Problem to work on
With pictures left out, retype exactly the lines from the one containing "В рамках патриотического" through the final line of the entries.

Source data
·····

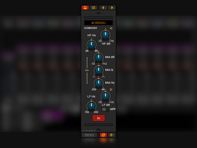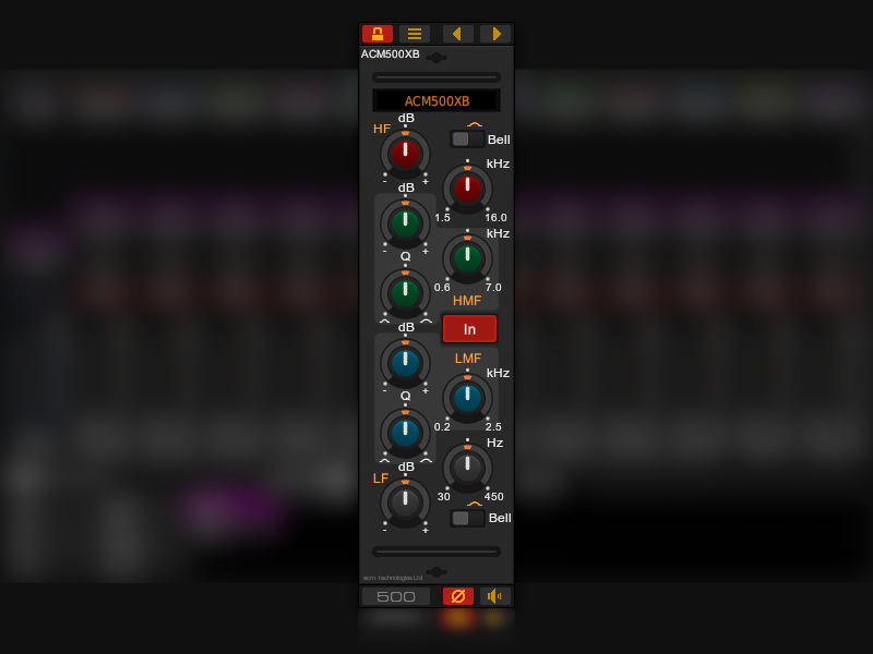 Analogue modelled channel EQ, with more aggressive mid-range gain / Q characteristics when compared to the ACM500XA.
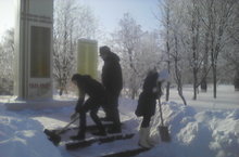 В рамках патриотического месячника, дежурный класс очищает парк и памятник от снега,следит за благоустройством территории.
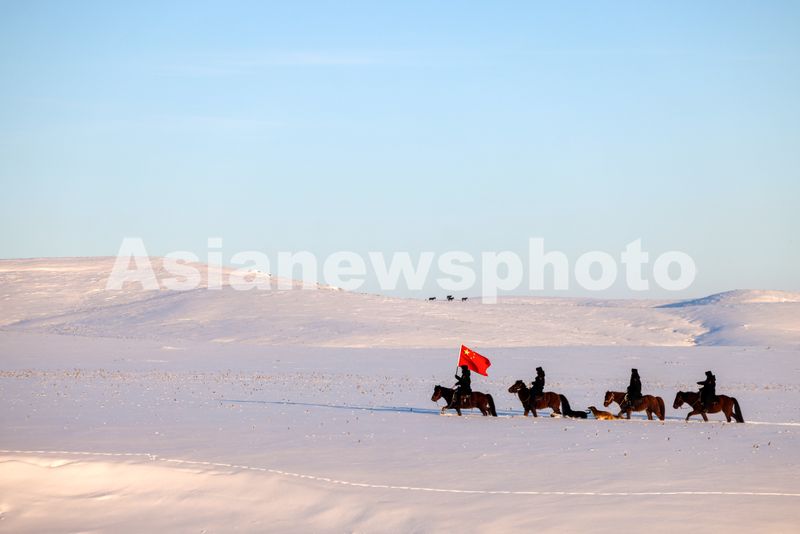 图片说明:2025年2月10日,加郎阿什边境派出所民警正在骑马巡边。
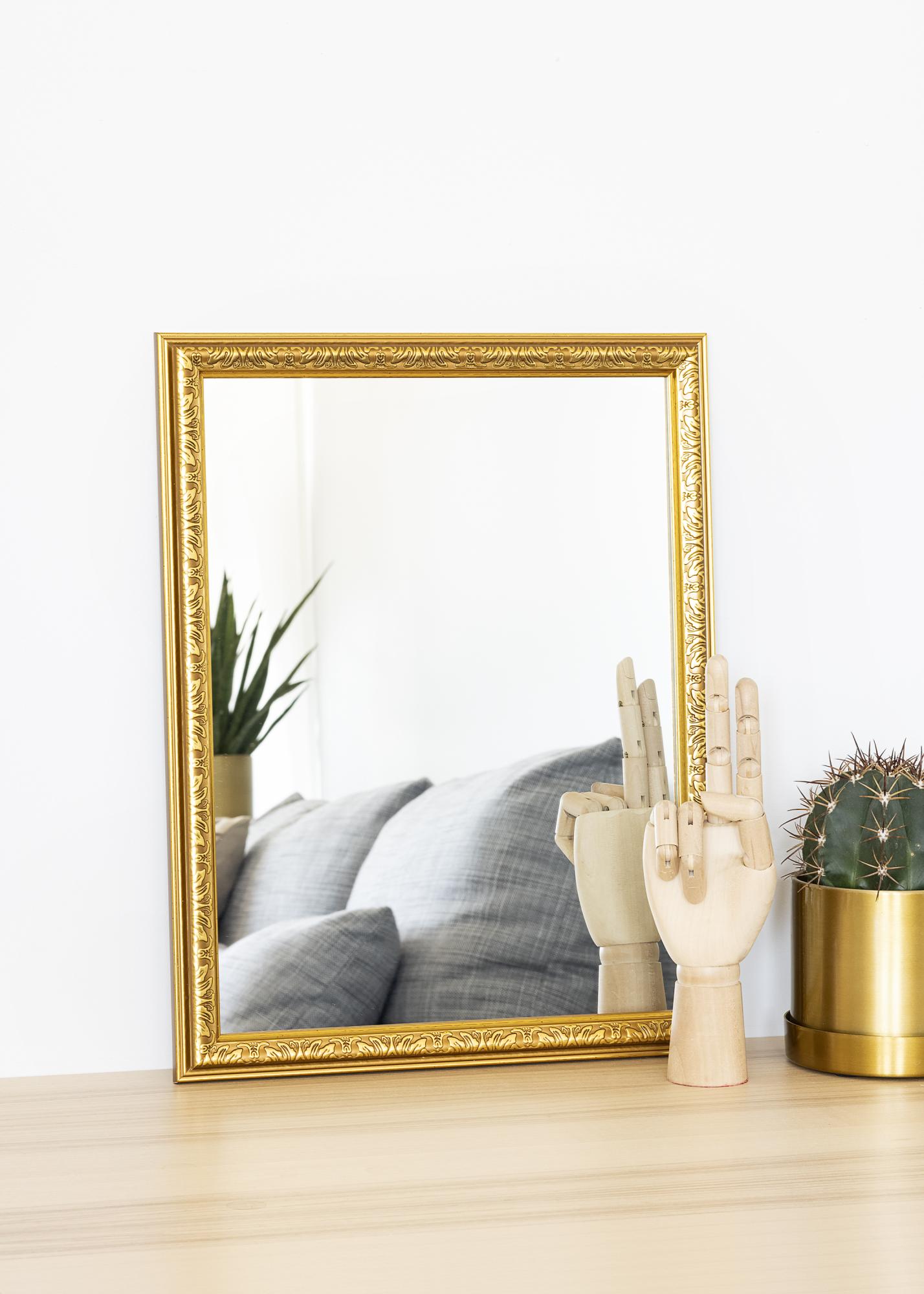 Starta ramväljaren »Nost Guld heter en serie väggspeglar. Ramen är rikligt dekorerad av oregelbundna symboler som ger ett lite mystiskt intryck.
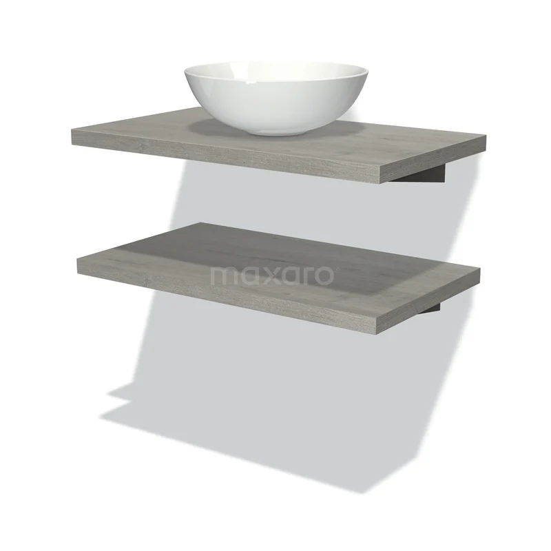 Modulo Plato Badmöbel mit Aufsatzwaschbecken | 80 cm Graue Eiche front Graue Eiche blatt 2 Waschtischplatten
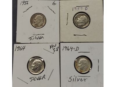 123 4 Silver Roosevelt Dimes (1956, 1957-D, 1964, 1964-D)

·····

Output
 В рамках патриотического месячника, дежурный класс очищает парк и памятник от снега,следит за благоустройством территории.
 图片说明:2025年2月10日,加郎阿什边境派出所民警正在骑马巡边。
 Starta ramväljaren »Nost Guld heter en serie väggspeglar. Ramen är rikligt dekorerad av oregelbundna symboler som ger ett lite mystiskt intryck.
 Modulo Plato Badmöbel mit Aufsatzwaschbecken | 80 cm Graue Eiche front Graue Eiche blatt 2 Waschtischplatten
 123 4 Silver Roosevelt Dimes (1956, 1957-D, 1964, 1964-D)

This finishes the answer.